The End of Moore's Law will mean an end to certain kinds of daydreaming about amazing possibilities for the Next Big Thing; but it will also be the end of a lot of stress, grief, and unwanted work.

Consider the endless cycle of reconfiguration. New capabilities bring about new applications, and ever-fancier new operating systems to support them. As hardware, operating systems, "middleware", and applications are issued every year (never at the same time) it becomes a certainty that you are always reconfiguring something. People who would rather be doing writing, calculating, or drawing, let hours fly by as they tinker with device drivers and memory upgrades.

Consider the bugs. When something is always new, it is always buggy. I heard a story the other day about a man who created an embedded control system in the 80's using Motorola's venerable 6502 chip (that worthy of Apple II, Commodore 64, and TRS-80 fame), not because it was the best-designed chip, but because it was the one that he knew every bug in, every quirk of, every feature. Who can be bothered learning everything about the Pentium they got in 1995 when they know they'll have a Pentium Pro or a 80786 next year?

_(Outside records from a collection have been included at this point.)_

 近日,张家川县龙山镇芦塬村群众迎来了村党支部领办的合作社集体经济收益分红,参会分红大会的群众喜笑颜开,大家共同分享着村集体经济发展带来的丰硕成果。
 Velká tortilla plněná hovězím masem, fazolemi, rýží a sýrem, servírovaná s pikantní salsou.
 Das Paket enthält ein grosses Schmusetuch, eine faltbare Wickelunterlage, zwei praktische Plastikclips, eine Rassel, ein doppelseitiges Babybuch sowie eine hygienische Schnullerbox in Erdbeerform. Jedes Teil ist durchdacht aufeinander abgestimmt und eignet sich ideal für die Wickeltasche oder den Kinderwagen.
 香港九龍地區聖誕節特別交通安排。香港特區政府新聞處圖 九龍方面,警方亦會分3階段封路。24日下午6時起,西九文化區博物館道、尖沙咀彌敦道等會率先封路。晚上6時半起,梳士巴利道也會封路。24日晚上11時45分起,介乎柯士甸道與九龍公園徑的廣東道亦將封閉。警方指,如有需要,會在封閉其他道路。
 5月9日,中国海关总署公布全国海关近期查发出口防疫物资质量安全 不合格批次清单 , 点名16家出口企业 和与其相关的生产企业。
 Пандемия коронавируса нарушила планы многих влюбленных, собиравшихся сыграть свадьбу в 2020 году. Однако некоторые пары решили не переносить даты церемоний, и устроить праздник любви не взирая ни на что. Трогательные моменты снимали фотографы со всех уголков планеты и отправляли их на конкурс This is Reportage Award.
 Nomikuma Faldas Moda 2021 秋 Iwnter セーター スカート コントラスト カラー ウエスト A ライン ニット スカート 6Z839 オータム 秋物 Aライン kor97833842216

The new software developed to use the new power is of course buggy for a year or more. Does anybody believe that Netscape got all the bugs out of version 2.0 before they went on to focus on putting features into 3.0? Now we have bugs still in the old features and more bugs in the new ones!

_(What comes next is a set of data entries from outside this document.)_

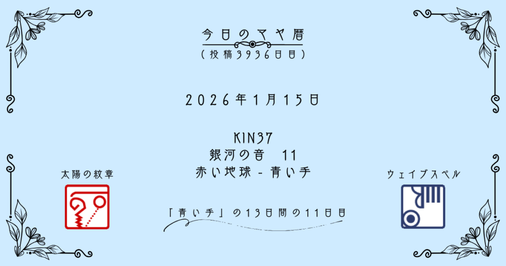 【今日のマヤ暦】1月15日 KIN37 音11 赤い地球 – 青い手
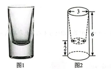 某玻璃制品厂需要生产一种如图 1 所示的玻璃杯, 该玻璃杯造型可以近似看成是一个 圆柱挖去一个圆台得到, 其近似模型的直观图如图 2 所示 (图中数据单位为 $\mathrm{cm}$ ), 则该 坡璃杯近似模型的体积 (单位: $\mathrm{cm}^3$ ) 为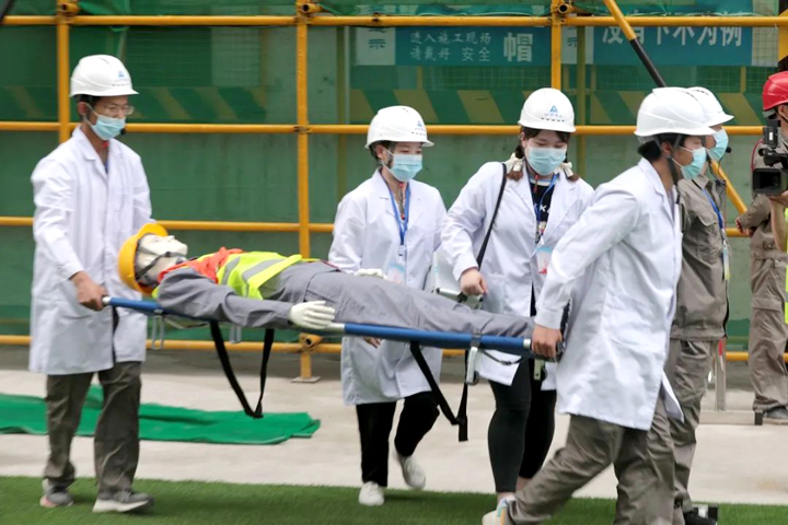 項目經(jīng)理發(fā)出指令,立即啟動應(yīng)急救援預(yù)案,同時撥打120求助,并向上級單位報告。警戒隔離組、搶險救援組、醫(yī)療救護組先后進入事發(fā)區(qū)域,拉設(shè)警戒區(qū),檢查傷者情況并進行初步包扎處理,撤離作業(yè)人員,將傷者抬上擔架送上救護車,一系列行動有力有序,“受傷工人”得到了及時救治。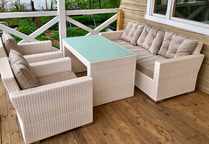 Artificial rattan is not susceptible to mold or mildew, it is hypoallergenic, resistant to moisture and adverse weather conditions. Wicker garden furniture made from it is perfect for verandas, gazebos and open spaces. It does not need to be brought into the house during the cold season. It retains its shape and does not deform due to rain, snow or temperature extremes.
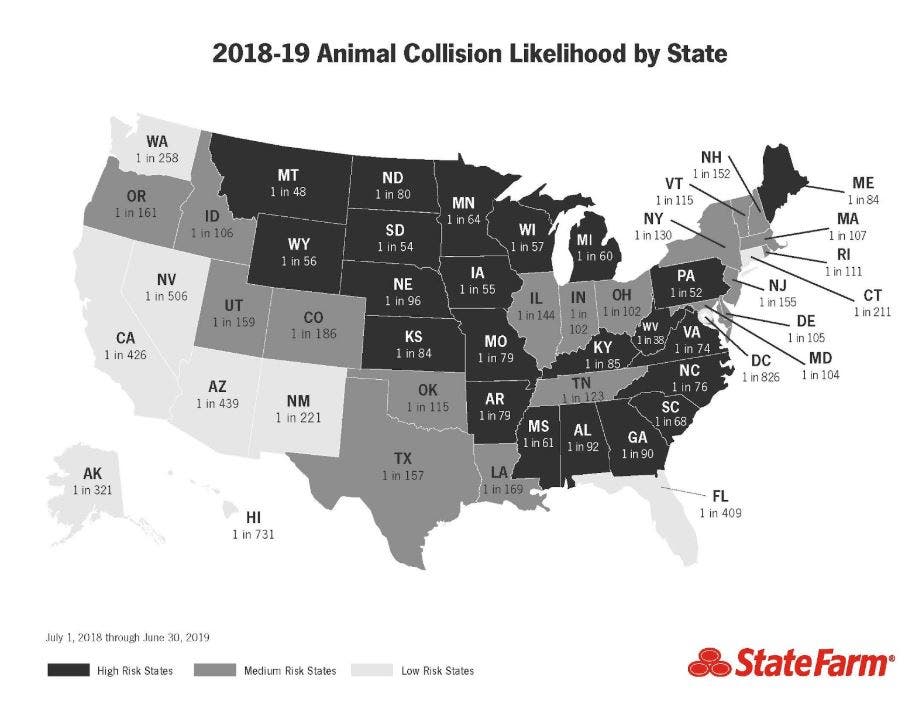 The likelihood of a vehicle-animal collision is based on the insurer’s estimate that U.S. motorists made more than 1.9 million animal collision claims from July 1, 2018, to June 30, 2019.

Consider the maintenance problem. After you've developed a certain number of solutions where you work, suddenly you discover that all your time is consumed by rewriting them to work correctly with the new OS, the new hardware, the new development platform. Finally, you can no longer do R&D.

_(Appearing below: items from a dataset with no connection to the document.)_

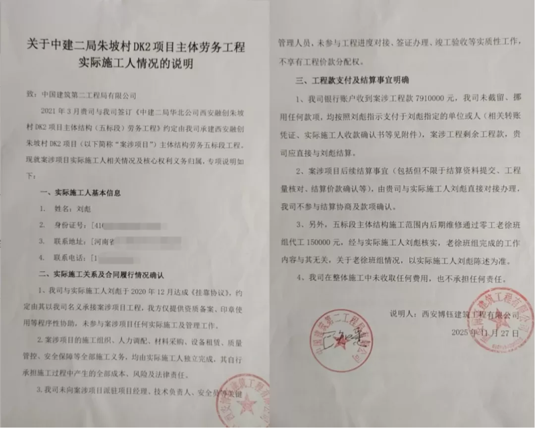 刘彪称,2020年12月、2021年3月,在中建二局华北公司领导的推荐下,先后和西安博钰建筑工程有限公司、北京盛悦华宇建筑工程有限公司口头达成“挂靠协议”,支付管理费。两家公司随后与中建二局签订劳务工程合同,约定由刘彪负责朱坡村DK2项目主体五、六标段施工。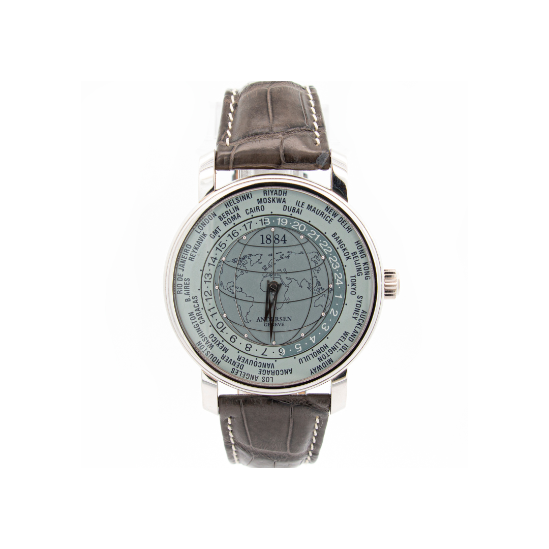 Dial: World Time Dial featuring multiple cities in blue with a center map engraving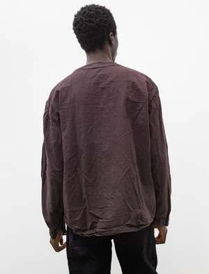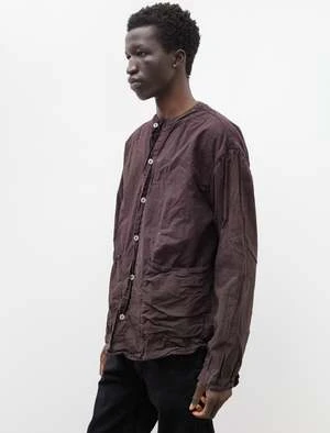 A generous fitting button front over shirt cut from a lightweight cotton calico that has been dyed using a reactive dye method to a rich purple tinged brown. Features a collarless neckline finished with an exposed facing, two patch pockets at the waist and a gently curved hem. The roomy chest accompanied by a subtle drop shoulder make for a dynamic silhouette that responds well to movement. Constructed with Tender’s trademark attention to durability using chain stitched flat felled seams throughout for a hard wearing finish that is built to last; hand cast pewter buttons.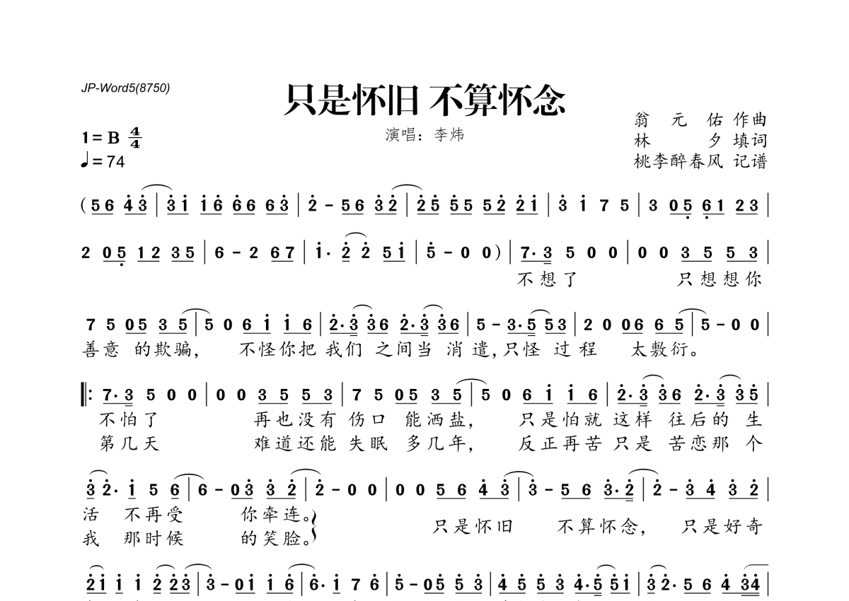 《只是怀旧 不算怀念》是李炜演唱的一首歌曲,拍号为4/4拍,歌曲速度为每分钟74拍,这份简谱共有一张高清图谱,图谱由 @桃李醉春风 编配上传。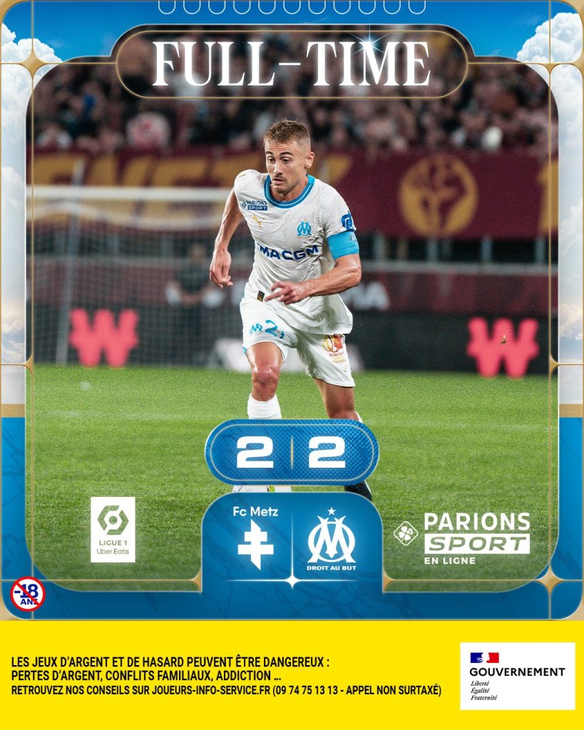 Λίγες μέρες μετά τον αποκλεισμό από τον Παναθηναϊκό για το Champions League, η Μαρσέιγ έσωσε τον βαθμό (2-2) απέναντι στη Μετς, η οποία αγωνιζόταν από το 59ο λεπτό με παίχτη λιγότερο! Έτσι, οι Μασσαλοί πήγαν στο 4 βαθμούς, ενώ αυτός ήταν ο πρώτος βαθμός για τη Μετς στη φετινή Ligue 1.

Don't get me wrong. I've been in this game since keypunches and teletypes. I've owned home machines since the 70's. It's been a grand ride and I'm not nearly tired of it yet. But I'm starting to think ahead. By 2005, the electronic computer will be 60 and the "home computer" will be 30. They will be able to store a high-definition copy of Gone With The Wind - in RAM. And manipulate it to make Miz Scarlett look Chinese - in real time.

We will, indeed, be able to store and manipulate just about any kind of artistic medium , simulate anything that mathematics can describe, and transmit or copy the lot like a one-box publishing company. And some of us still won't have had time to really have fun with it since the optical bus won't be talking to the fourth-level cache since the new OS upgrade came in - again.

So if, at that point, the Guys In The Lab come out of it with fishing rods on their shoulders, shrug, and say "We're out of bright ideas, folks. That's all she wrote." - well, I for one will have a certain sense of relief as I grab a good book and follow them to the fishin' hole. I'll need a rest.

Two (human) generations of people will have devoted whole 30-year careers to surfing on the wave of change, continually balancing as the improvements constantly ruin stable work environments. While our sea legs might feel wobbly for a while after the wave slides into the beach, we might find that on solid ground we can learn to dance.